Carolyn Twomley, Staff Writer

The quick modernization of society popularized having the latest and greatest technology. When Apple unveils its new devices, it seems like they are either over the top with new bells and whistles or include one minor detail that is advertised as a life altering. The level of extravagance with the products never comes in the form of a happy medium—it’s always too much or not enough.
I was captivated by the announcement of the new AirPods Pro. The original AirPods came in compact, sleek case with the earpieces held in place by magnets to ensure they are secure. The only change from the original AirPods is that there is an additional silicone add-on to the ear piece. Their newly designed case is larger and more oddly shaped than the palm-sized case of the first AirPods.
Apple advertises these minor advancements as “groundbreaking,” attempting to persuade the audience that these tiny changes are essential to us. The new iPhone 11 Pro and iPhone 11 Pro Max now consist of three cameras on the back of the phone.

picture courtesy of Vinay Khosla

Played off as a crucial feature for all your picture-taking needs, the reality of this new feature seems only to be added to give the phone a “unique” aesthetic to set it apart from its competitors.

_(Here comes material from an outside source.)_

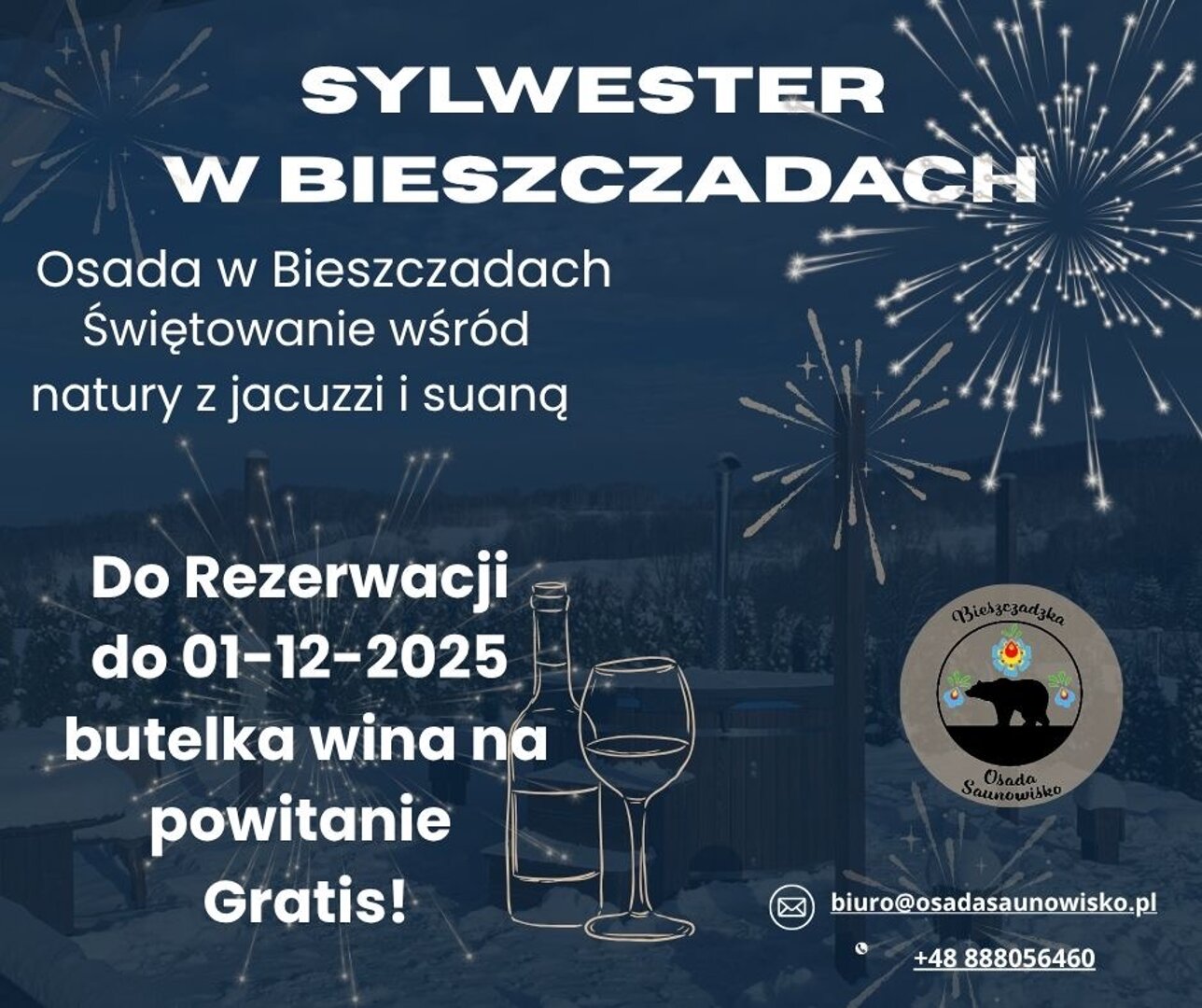 W bieszczadzkiej Osadzie Saunowisko stawiamy na autentyczny wypoczynek i atmosferę przy kominku. Sylwester traktujemy jako wyjątkowy wyjątek – to jedyny termin w roku, kiedy dopuszczamy spokojne świętowanie. Jeśli szukasz miejsca, gdzie możesz zorganizować wieczór z bliskimi w domowych warunkach, nasze domki na Sylwestra w Bieszczadach z jacuzzi i sauną są właśnie dla Ciebie.

Although it may appeal to avid photographers, it doesn’t really justify the $1,000 price tag.
At the same time, the variety of colors that the phones come in are also very attractive to the consumer’s eye, and Apple knows this. The iPhone 11 comes in six new colors: black, white, red, purple, green and yellow. As if it wasn’t obvious, any protective case will hide the color of the phone and mask your style.
After last year’s significant drop in sales for the iPhone X due to the sheer cost of the phone, Apple reevaluated their pricing to accommodate for those who didn’t want to pay upwards of $300 more for an upgrade of the product they already have and created a starting price of $700 for the iPhone 11.
Apple’s focus on appealing toward modern generations has taken over the design of its products. Being set on creating more efficient ways to complete simple tasks has become excessive.